We Built an AI Team to Handle On-Call Incidents (Here's How)

It’s 3 AM. Your phone buzzes with an alert that makes your heart sink. Something is broken in production. You stumble to your laptop, eyes blurry, trying to piece together clues from a dozen different dashboards. Is it latency? Error rates? A bad deploy? The clock is ticking, and every minute of downtime feels like an eternity.

We’ve all been there. It’s a stressful, high-stakes scramble. But what if you had a team of AI agents that could handle the first response for you? An automated system that could not only detect the incident but also investigate the cause, synthesize the findings, and draft a postmortem before you’ve even had your first cup of coffee.

That sounds like science fiction, right? Well, it’s closer than you think. Today, I want to walk you through how we can build exactly that: a multi-agent system powered by Haystack that acts like a seasoned Site Reliability Engineering (SRE) team. This isn't just a simple chatbot. We're talking about a coordinated group of AI specialists that can reason, use tools, and solve complex problems, end-to-end.

Let’s build it together.

First, We Need to Create a Controlled Disaster

You can't test a firefighting team without a fire. To see our AI agents in action, we first need to create a realistic, but completely synthetic, production incident. We need data—the kind of metrics and logs you’d see in a real system.

So, we'll generate two main types of data for a fictional 24-hour period:

1. System Metrics: Think of this as the system's heartbeat. We'll track things like requests per second (RPS), 95th percentile latency (p95_ms), and the overall error rate. We’ll make it look real, with natural daily peaks and valleys.
2. System Logs: These are the detailed, moment-by-moment event records from different services like api-gateway, payments, and auth.

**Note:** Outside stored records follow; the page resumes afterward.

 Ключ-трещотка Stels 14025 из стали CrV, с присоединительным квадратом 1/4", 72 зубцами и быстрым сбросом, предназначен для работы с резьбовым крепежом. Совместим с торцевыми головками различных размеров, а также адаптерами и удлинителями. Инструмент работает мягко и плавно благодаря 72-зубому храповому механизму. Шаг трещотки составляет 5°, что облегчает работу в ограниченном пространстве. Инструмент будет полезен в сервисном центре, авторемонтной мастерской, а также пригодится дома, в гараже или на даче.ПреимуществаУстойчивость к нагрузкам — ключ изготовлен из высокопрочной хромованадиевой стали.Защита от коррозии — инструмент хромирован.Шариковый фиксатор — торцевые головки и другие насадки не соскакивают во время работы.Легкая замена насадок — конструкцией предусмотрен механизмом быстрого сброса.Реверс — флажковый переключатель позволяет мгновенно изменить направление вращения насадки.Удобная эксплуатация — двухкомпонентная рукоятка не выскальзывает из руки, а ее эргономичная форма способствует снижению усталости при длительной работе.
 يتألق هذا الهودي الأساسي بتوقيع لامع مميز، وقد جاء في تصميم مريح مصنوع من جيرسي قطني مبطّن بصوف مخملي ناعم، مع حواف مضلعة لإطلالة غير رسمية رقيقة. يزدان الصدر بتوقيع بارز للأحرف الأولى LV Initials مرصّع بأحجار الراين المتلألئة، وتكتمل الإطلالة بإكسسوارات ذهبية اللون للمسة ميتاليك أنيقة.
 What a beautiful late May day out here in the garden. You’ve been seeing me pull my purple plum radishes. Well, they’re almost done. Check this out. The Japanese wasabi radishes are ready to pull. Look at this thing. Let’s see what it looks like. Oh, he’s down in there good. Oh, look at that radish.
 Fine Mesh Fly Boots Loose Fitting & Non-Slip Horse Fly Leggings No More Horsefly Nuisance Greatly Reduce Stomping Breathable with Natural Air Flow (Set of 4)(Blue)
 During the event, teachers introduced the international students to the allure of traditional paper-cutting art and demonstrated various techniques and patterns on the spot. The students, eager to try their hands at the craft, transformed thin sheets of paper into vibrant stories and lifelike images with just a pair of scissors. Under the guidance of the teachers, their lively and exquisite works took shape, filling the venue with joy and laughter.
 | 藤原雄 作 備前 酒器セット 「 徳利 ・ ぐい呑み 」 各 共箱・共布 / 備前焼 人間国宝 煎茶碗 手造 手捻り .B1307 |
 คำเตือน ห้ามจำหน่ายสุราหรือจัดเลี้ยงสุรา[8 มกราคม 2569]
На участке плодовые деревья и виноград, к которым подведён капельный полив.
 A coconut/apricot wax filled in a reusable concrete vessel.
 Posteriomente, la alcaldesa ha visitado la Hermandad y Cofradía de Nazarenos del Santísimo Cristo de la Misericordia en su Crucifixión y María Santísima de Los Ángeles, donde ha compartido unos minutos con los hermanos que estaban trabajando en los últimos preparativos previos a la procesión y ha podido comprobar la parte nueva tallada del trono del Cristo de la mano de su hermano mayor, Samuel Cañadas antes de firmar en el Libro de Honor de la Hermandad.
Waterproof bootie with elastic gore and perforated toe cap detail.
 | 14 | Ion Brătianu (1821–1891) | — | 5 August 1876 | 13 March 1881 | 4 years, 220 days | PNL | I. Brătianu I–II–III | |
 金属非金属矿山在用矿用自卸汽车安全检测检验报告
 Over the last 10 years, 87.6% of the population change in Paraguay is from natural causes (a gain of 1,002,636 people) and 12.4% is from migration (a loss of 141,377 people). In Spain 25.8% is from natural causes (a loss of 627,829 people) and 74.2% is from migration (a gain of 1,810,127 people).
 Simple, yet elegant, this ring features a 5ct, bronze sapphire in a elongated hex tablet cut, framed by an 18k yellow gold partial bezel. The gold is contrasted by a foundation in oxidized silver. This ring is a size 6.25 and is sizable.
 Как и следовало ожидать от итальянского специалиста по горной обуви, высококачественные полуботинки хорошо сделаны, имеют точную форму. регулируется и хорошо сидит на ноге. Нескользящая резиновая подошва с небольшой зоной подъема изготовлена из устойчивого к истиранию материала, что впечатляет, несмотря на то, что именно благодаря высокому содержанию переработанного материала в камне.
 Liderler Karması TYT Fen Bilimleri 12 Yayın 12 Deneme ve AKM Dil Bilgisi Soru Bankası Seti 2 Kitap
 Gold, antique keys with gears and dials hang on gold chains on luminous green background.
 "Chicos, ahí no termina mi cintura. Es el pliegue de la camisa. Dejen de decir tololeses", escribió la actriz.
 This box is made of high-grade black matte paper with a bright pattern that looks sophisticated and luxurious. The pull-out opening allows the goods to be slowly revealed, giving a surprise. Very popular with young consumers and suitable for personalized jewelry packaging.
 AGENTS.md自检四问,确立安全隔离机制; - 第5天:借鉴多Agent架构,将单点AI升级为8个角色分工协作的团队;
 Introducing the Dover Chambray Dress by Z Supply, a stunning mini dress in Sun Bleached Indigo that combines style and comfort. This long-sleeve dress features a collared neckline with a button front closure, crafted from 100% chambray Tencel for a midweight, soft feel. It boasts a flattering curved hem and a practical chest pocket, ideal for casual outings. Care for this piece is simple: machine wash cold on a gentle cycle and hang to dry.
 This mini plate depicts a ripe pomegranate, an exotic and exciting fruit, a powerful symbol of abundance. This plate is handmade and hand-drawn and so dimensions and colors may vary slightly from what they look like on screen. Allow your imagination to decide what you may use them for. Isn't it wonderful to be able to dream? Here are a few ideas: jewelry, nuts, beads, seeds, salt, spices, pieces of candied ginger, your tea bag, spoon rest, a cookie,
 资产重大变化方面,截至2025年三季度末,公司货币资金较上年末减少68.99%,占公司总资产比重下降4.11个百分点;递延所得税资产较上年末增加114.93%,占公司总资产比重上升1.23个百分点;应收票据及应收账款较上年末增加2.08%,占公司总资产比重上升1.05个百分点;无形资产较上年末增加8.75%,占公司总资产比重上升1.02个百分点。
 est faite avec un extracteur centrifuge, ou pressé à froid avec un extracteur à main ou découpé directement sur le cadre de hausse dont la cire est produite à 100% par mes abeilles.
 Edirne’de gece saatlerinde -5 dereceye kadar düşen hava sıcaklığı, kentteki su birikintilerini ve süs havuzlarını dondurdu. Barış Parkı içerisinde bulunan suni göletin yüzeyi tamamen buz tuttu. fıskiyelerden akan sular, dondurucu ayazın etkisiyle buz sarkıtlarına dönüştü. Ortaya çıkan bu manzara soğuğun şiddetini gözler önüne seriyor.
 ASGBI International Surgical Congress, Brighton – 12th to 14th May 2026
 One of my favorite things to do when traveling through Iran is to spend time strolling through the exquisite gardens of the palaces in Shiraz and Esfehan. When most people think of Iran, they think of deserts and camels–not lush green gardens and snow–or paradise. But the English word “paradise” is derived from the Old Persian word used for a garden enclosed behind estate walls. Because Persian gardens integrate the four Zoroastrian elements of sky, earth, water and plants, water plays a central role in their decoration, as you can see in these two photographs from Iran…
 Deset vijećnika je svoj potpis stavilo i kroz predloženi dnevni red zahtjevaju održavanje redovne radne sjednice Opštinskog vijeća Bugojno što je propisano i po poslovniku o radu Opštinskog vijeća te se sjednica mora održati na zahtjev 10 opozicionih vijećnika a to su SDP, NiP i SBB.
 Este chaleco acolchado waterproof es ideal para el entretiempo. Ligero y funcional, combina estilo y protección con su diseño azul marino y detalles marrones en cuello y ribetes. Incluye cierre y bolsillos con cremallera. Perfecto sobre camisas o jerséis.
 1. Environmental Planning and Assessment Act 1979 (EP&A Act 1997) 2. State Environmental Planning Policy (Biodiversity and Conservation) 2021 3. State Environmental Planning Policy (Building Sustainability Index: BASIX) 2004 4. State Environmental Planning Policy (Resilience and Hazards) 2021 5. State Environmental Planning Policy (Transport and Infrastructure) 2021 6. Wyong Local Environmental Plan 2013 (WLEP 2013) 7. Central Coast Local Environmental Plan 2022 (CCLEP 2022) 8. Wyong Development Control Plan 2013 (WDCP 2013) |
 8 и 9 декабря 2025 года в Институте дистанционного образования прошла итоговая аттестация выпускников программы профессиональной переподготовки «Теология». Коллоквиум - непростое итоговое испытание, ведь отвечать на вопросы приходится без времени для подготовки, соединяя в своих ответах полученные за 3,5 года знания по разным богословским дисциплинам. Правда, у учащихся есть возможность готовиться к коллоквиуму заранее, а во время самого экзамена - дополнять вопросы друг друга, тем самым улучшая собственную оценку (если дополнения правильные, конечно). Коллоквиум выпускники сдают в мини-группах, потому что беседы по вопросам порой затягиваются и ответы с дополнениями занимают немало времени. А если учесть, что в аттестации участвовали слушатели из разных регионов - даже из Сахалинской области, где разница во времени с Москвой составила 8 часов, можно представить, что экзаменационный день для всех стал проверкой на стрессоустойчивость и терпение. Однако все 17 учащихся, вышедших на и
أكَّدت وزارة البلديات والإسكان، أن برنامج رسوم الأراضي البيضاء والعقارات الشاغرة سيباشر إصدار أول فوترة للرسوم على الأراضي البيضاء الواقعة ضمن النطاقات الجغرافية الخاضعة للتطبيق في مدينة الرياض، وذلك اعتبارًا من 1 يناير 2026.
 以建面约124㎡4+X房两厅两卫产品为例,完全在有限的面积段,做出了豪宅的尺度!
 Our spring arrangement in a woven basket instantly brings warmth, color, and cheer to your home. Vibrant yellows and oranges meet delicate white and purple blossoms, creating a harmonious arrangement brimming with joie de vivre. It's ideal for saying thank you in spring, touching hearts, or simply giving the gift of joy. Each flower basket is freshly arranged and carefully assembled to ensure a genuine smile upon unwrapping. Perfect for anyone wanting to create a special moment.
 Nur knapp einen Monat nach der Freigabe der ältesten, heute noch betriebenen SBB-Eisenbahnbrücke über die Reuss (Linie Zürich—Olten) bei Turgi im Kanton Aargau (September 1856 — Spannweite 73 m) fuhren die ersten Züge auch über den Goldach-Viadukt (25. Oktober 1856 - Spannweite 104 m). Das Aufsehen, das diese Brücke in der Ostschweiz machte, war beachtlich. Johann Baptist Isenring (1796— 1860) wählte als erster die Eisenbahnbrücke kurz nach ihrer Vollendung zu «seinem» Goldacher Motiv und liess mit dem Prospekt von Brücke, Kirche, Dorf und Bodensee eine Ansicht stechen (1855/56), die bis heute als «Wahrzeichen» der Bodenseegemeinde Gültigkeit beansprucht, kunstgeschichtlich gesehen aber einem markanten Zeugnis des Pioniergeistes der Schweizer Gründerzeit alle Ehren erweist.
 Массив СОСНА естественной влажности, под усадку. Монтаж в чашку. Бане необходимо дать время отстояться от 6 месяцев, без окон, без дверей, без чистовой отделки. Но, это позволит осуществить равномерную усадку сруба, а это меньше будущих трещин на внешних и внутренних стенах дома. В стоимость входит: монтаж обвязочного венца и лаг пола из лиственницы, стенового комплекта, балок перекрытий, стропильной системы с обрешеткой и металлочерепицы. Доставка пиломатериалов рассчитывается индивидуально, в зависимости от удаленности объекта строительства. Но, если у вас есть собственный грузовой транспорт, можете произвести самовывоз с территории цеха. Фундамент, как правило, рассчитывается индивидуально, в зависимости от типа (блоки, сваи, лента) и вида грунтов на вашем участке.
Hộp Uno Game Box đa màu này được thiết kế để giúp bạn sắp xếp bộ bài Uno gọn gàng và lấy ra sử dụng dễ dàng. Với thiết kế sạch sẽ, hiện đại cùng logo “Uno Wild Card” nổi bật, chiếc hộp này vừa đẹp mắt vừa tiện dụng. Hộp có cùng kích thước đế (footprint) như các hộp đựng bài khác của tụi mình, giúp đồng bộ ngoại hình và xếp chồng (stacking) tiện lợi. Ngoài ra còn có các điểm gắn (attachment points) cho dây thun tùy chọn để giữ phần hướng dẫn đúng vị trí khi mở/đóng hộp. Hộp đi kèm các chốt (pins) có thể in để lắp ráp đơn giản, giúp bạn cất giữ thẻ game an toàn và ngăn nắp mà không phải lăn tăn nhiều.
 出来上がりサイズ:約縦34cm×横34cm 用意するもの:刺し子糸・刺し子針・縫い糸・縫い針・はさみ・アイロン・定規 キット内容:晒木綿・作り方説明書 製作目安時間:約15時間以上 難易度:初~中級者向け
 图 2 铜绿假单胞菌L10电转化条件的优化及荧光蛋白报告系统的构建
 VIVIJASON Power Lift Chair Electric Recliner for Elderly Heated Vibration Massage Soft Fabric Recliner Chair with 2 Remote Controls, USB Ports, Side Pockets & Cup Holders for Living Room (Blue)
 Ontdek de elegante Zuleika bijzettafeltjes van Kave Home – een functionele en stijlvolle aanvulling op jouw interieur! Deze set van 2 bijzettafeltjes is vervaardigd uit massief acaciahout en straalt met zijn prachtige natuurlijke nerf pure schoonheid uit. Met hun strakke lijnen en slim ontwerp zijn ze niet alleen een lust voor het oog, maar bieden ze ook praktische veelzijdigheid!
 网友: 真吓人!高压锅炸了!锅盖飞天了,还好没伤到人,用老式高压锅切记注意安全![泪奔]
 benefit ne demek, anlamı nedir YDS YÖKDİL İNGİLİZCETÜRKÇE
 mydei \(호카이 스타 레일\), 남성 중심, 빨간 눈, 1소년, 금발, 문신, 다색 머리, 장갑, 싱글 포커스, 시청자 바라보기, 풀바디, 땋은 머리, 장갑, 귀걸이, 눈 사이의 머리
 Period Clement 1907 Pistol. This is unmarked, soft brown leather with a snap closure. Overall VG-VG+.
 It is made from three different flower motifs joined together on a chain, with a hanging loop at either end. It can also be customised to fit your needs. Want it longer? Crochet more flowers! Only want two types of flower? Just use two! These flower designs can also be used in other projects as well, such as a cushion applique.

Here’s the crucial part: we’re going to deliberately inject an "incident" into this data. For a specific window of time, we’ll make the p95 latency spike, the error rate climb, and the request throughput drop. We'll also make the logs within this window reflect the problem, with more warnings, errors, and specific failure messages like UpstreamTimeout and DBConnPoolExhausted.

By creating this synthetic world, we have a perfect, reproducible playground to test our AI agents. We know exactly when and how the incident happened, so we can fairly judge how well our AI team performs. We'll load all this data into an in-memory database called DuckDB, which is super fast for the kind of analytical queries our agents will need to run.

Giving Our Agents Their Superpowers: The Tools

An agent is only as good as the tools it can use. An LLM on its own can't query a database or analyze a data frame. So, we need to equip our agents with a set of custom "tools" they can call upon to do the real investigative work.

Think of these as specialized functions that the AI can choose to run when it needs to find something out. Here are the key tools we’ll build for them:

The Detective Tools:

• detect_incident_window(): This is the agent's "Spidey-sense." It uses a statistical method called a Z-score to scan a metric (like latency) and find periods that are wildly different from the norm. It’s how the agent first realizes, "Hey, something weird is happening here."
• sql_investigate(query): This is the agent’s magnifying glass. It gives the agent the power to run SQL queries directly against our metrics and logs database. It can ask specific questions like, "Show me all the errors from the payments service during the incident window."
• log_pattern_scan(): This tool is like an expert speed-reader. It can instantly scan thousands of logs from the incident window and summarize the most common error types, the noisiest services, and the most affected endpoints. It helps the agent quickly pinpoint where the smoke is coming from.

The Strategist Tools:

• propose_mitigations(hypothesis): Once the agent has a theory about the root cause (e.g., "I think the database connection pool was exhausted"), this tool helps it brainstorm concrete, actionable fixes. It suggests things like increasing the pool size or adding a circuit breaker, complete with team owners and estimated timelines.
• draft_postmortem(): This is the final step. The agent takes everything it has learned—the timeline, the customer impact, the root cause, the key facts, and the mitigation plan—and assembles it all into a structured, production-grade postmortem document.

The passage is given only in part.